Arnolfo di Cambio, Pope Boniface VIII
- Author
- Arnolfo di Cambio and collaborators
- Date
- 1296-1300
- Collocation
- Sala del Paradiso
- Original location
- Cathedral, medieval facade
- Material
- White marble
- Technique
- Sculpture
- Dimensions
- Height: 337 cm; Width: 99 cm; Depth: 93 cm;
- Scientific catalog (only in italian)
- Papa Bonifacio VIII
The imposing seated statue of Pope Boniface VIII was sculpted between 1296 and 1300 by Arnolfo di Cambio and his collaborators for a niche on the third level of the medieval façade of the Cathedral, to the left of the main portal.

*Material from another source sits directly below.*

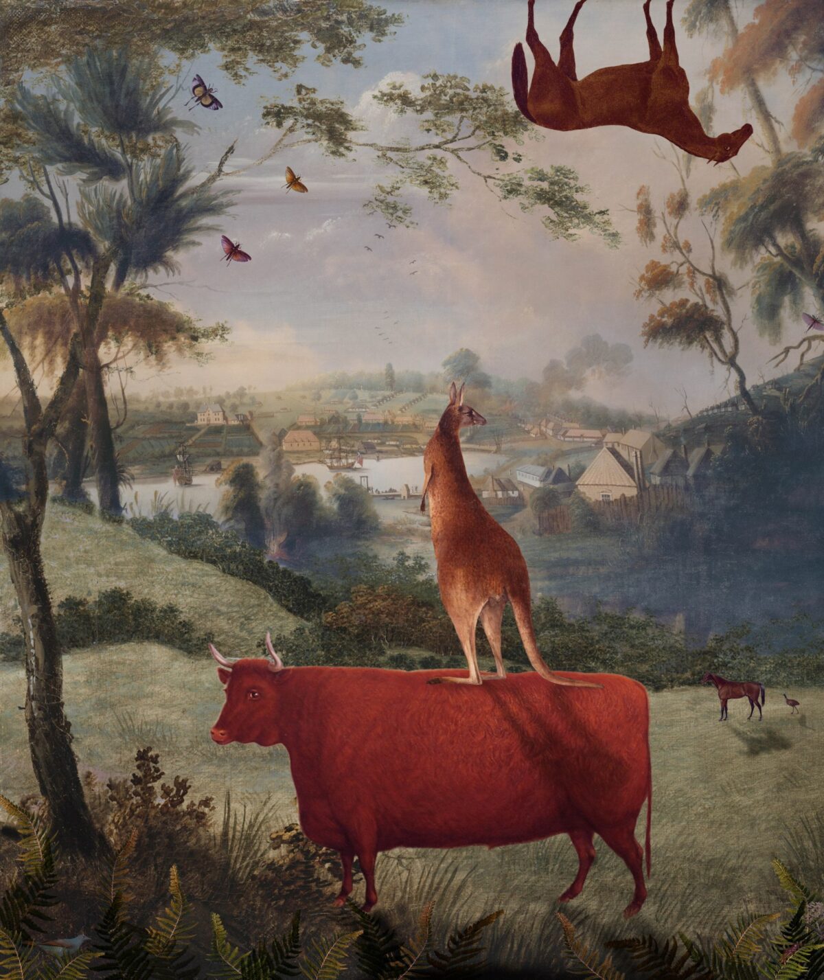 A multilayered photomontage, is composed of reimagined imagery manipulated and gathered from historical archives and contemporary sources. ‘Eurotipodes’, is a term I created to express my feelings about the Eurocentric interpretation of the world, the notion that the Northern Hemisphere is the ‘right’ way up and we hang upside down giddily suspended in our opposite ‘Antipodes’. The interaction and placement of creatures invite the viewer to reconsider assumptions: about what counts as “normal” orientation, perspective, and which histories are foregrounded or marginalized. This work questions colonial history, representation, mythmaking, ecology, extinction, introduced species and ecological changes. I use flora and fauna, emblematic, native and introduced to reflect environmental concerns: how landscapes have been changed, species lost, or ecological balance disrupted. The orientation of the iconic horse, upside down, inverted, is not just metaphorical, but a device to destabilize comfortable narratives. References: A direct north general view of Sydney Cove ... 1794 attributed to Thomas Watling 'Kangaroos in a Landscape’ John Lewin 1819 Henry Stone and his Durham ox by Thomas Flintoff 1887
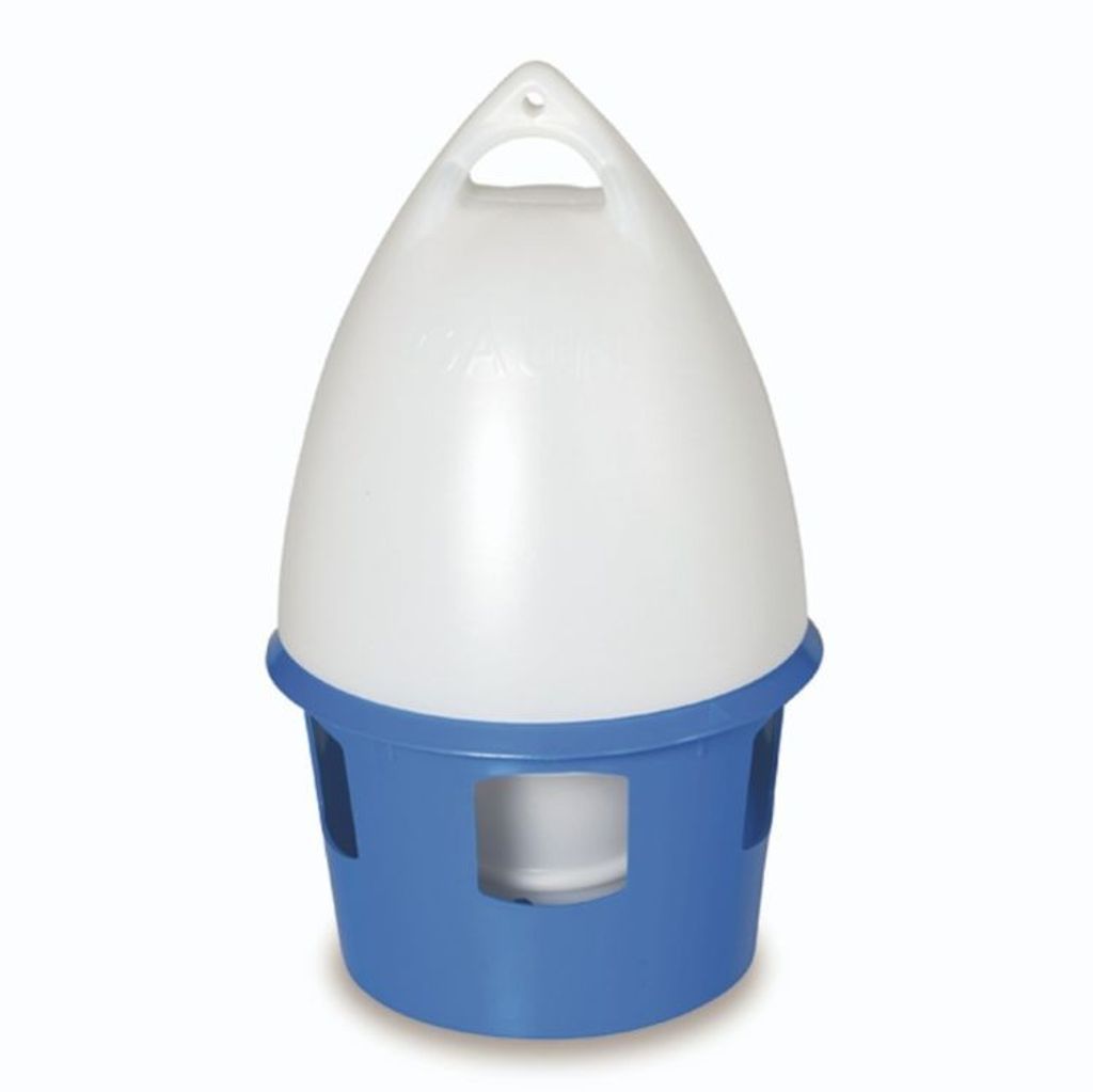 En praktisk foder- eller vattenautomat för duvor som rymmer cirka 8 liter. Konstruktionen är utformad för att hålla fodret eller vattnet skyddat inne i automaten, vilket minskar risken för nedsmutsning. Tack vare den smarta formen finns det få ytor där smuts kan ansamlas, vilket gör den både hygienisk och enkel att hålla ren.

When the original architectural frontage was dismantled in 1587, the sculpture was moved to adorn the garden of the Florentine Palazzo di Valfonda and later the Orti Oricellari. In the nineteenth century, it entered the collections of the antiquarian Stefano Bardini, from whom Duke Caetani, a distant descendant of the pontiff, acquired it. In 1893, he donated the statue to the Opera di Santa Maria del Fiore. Initially placed inside the Cathedral on the counter-façade, it was finally transferred to the Museum in 1937.

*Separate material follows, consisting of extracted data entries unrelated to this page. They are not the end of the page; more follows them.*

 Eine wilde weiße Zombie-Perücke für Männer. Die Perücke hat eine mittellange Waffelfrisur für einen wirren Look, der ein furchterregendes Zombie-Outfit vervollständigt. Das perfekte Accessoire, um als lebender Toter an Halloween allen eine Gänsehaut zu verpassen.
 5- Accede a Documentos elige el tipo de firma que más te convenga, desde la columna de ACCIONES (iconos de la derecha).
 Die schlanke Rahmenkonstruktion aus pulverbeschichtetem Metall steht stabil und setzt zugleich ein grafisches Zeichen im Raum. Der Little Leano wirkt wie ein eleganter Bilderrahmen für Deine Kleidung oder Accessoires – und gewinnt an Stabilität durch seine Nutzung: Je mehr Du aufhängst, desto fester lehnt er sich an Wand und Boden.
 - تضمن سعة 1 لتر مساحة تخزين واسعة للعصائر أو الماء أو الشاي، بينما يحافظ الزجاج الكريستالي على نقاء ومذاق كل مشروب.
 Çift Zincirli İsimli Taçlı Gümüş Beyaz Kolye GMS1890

This statue, standing 2.80 meters tall excluding its base, exudes a pharaonic sense of hieratic grandeur. It was sculpted using three large marble blocks, along with additional smaller slabs. Arnolfo himself created only the head, while the modeling of the lower portion was entrusted to his collaborators.
At the pope’s sides stood two acolytes in high relief—one with arms crossed and the other raising a fringed cloth—both of which are still preserved in a private Florentine residence today.
The pontiff depicted, made famous—albeit unfavorably—by Dante’s invective in the Divine Comedy, was closely connected to the Florentine Church through Francesco Monaldeschi, bishop of Florence at the time of the new cathedral’s construction, to which Boniface had donated 3,000 gold florins. This explains the presence of his effigy alongside those of saints and prophets.